DOCK implements geometric matching, scoring functions, and sampling techniques to position ligands into receptor binding sites derived from X-ray crystallography, NMR spectroscopy, or cryo-EM maps. Its workflow connects structure preparation steps used in Protein Data Bank deposits with virtual screening strategies commonly employed by groups at institutions like Harvard University, Massachusetts Institute of Technology, and Stanford University. The suite includes utilities for grid generation, energy evaluation, conformer enumeration, and hit selection, interacting frequently with toolchains from OpenEye Scientific Software, Schrödinger, and community projects such as RDKit.

History and Development

Development began in the early 1980s in computational chemistry laboratories affiliated with prominent research centers that also produced tools used by National Institutes of Health-funded programs and international consortia. Early milestones paralleled landmark studies in structure-based drug design published by teams at University of California, San Francisco and collaborative work with groups at Scripps Research Institute and GlaxoSmithKline. Subsequent versions incorporated advances inspired by methods from contributors associated with Cambridge University and industrial partners at Pfizer and Novartis.
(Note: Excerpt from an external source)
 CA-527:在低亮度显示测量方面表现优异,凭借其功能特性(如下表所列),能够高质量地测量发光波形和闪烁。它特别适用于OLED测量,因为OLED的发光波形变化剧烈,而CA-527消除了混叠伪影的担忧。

Community-driven enhancements and forks emerged from academic labs with ties to projects at European Molecular Biology Laboratory and initiatives supported by Wellcome Trust grants.
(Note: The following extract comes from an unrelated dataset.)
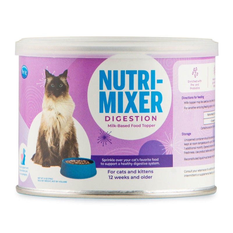 When kitty needs a little extra digestive support, were here to deliver with this tasty milk-based food topper. Simply sprinkle Nutri-Mixer Digestive over your cats favorite food to provide additional calories and digestive benefits. Now thats a supplement thats hard to top.

Architecture and Algorithms

The architecture separates preprocessing, sampling, scoring, and postprocessing modules similar to patterns used in software from Rosetta and platforms developed at Lawrence Berkeley National Laboratory. Sampling algorithms include rigid-body placement, flexible ligand replacement, and fragment linking comparable to strategies in publications from Columbia University and Johns Hopkins University. Scoring incorporates physics-based terms (van der Waals, electrostatics) and empirical components reminiscent of approaches used by researchers affiliated with University of Cambridge and Karolinska Institutet. Grid-based potentials and fast lookup tables enable throughput comparable to high-performance implementations at Los Alamos National Laboratory and optimized libraries used in supercomputing centers like Argonne National Laboratory.
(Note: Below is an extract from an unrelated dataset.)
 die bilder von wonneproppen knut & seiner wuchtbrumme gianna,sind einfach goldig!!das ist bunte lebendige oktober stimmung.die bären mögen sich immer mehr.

Applications and Use Cases

Groups in academia and industry have applied the software to target families such as kinases studied at Dana-Farber Cancer Institute, G-protein-coupled receptors investigated at Scripps Research Institute, and viral proteases analyzed in collaborations with Centers for Disease Control and Prevention. Use cases include virtual screens of libraries curated by repositories like ZINC database contributors, fragment-based campaigns coordinated with structural genomics consortia including Structural Genomics Consortium, and lead optimization workflows used by teams at AstraZeneca and Bayer. The suite also supports educational exercises in structural biology courses at universities like University of Oxford and University of Tokyo.

Performance and Evaluation

Benchmarking studies have compared the software against contemporaries such as tools from Schrödinger and platforms developed by OpenEye Scientific Software using datasets derived from the Protein Data Bank and curated challenge sets produced by community initiatives like the D3R Grand Challenge. Metrics include pose reproduction (root-mean-square deviation), enrichment in virtual screens (ROC AUC), and computational throughput on clusters similar to those at Texas Advanced Computing Center. Publications from groups at University of California, San Diego and Imperial College London report mixed strengths: robust sampling for rigid targets and variable performance for highly flexible binding sites, motivating hybrid workflows that combine ensemble docking and machine-learning rescoring.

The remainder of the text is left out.